# Heat Pad



## Rom (Jan 20, 2017)

Does anyone use or know of a heat pad that can used with a Chemex, etc?

cheers


----------



## jlarkin (Apr 26, 2015)

I don't think I know the answer but out of interest. Is that just to go underneath it, or to try and keep it warm like a hot plate?


----------



## johnealey (May 19, 2014)

What about something on here?:

https://www.etsy.com/listing/654330387/chemex-insulated-cover-cozy-and-warming

Won't scald or boil your coffee

John


----------



## Rom (Jan 20, 2017)

jlarkin said:


> I don't think I know the answer but out of interest. Is that just to go underneath it, or to try and keep it warm like a hot plate?


To help keep a bit of heat in it.. shouldn't need too much..


----------



## Zephyp (Mar 1, 2017)

How long do you plan on keeping it there?

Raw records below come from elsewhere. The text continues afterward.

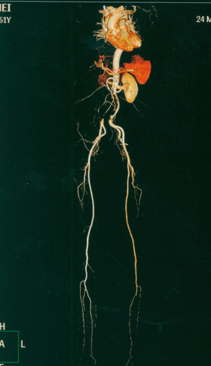 男性、58岁,间跛100米、慢性下肢缺血,病史3年
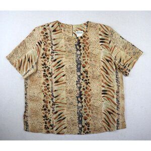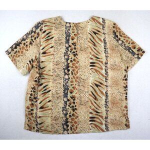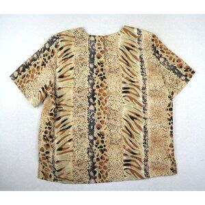 MODERN ESSENTIALS - WOMEN'S BEIGE MIXED ANIMAL PRINT SHORT SLEEVE BLOUSE - L
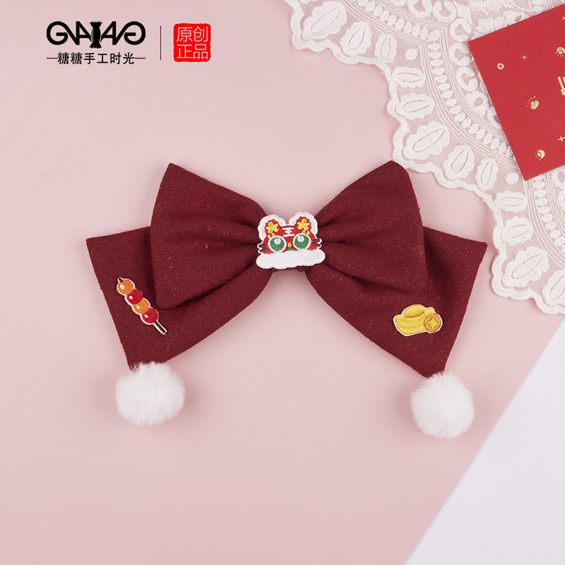 原创设计新年大蝴蝶结发夹年服虎头发饰顶夹酒红洛丽塔发卡发箍热门设计联盟服务商
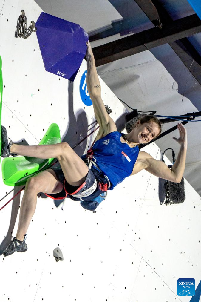 Erin McNeice of Great Britain reacts after winning the women's lead gold medal race of the women's lead final at the IFSC Climbing World Cup Bali 2025 in Bali, Indonesia, May 4, 2025. (Photo by Dicky Bisinglasi/Xinhua)
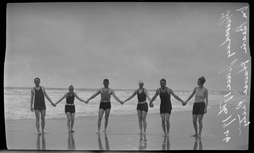 | Keywords: blackandwhite monochrome photo border black and white Virginia Beach, Virginia, June 17, 1926 L to R: Ray West, Patty Hunter, Shelton White, Peg Landon, Silas Whedbee, Elizabeth Parker. From the Surry Parker Photograph Collection, PhC.51, State Archives of North Carolina, Raleigh, NC. Virginia Beach, Virginia, June 17, 1926 L to R: Ray West, Patty Hunter, Shelton White, Peg Landon, Silas Whedbee, Elizabeth Parker. From the Surry Parker Photograph Collection, PhC.51, State Archives of North Carolina, Raleigh, NC. |

Storing coffee on a hot plate is in my experience not a very good idea if it's mean to sit there more than a little while. I'd rather put it in a thermost or insulated pot.


----------



## Mrboots2u (May 10, 2013)

Rom said:


> To help keep a bit of heat in it.. shouldn't need too much..


Would this help ?

https://www.maxicoffee.com/en-gb/chemex-compatible-with-size-p-75924.html?lgw_code=11806-75924&gclid=EAIaIQobChMI3tjOzcei4gIVArDtCh2-RQ9-EAQYASABEgImk_D_BwE

https://www.amazon.co.uk/Cover-Chemex-Bodum-Coffee-Carafes/dp/B07LGJX647/ref=asc_df_B07LGJX647/?tag=cfukweb-21&linkCode=df0&hvadid=309862973979&hvpos=1o2&hvnetw=g&hvrand=5762036600426078553&hvpone=&hvptwo=&hvqmt=&hvdev=c&hvdvcmdl=&hvlocint=&hvlocphy=1006854&hvtargid=pla-654517358159&psc=1

https://www.amazon.co.uk/Chemex-Cmc-Glass-Coffeemaker-Cover/dp/B000I1ZKHO


----------



## johnealey (May 19, 2014)

https://www.hasbean.co.uk/products/chemex-glass-coffeemaker-cover

Does work surprisingly well and cheaper too

John


----------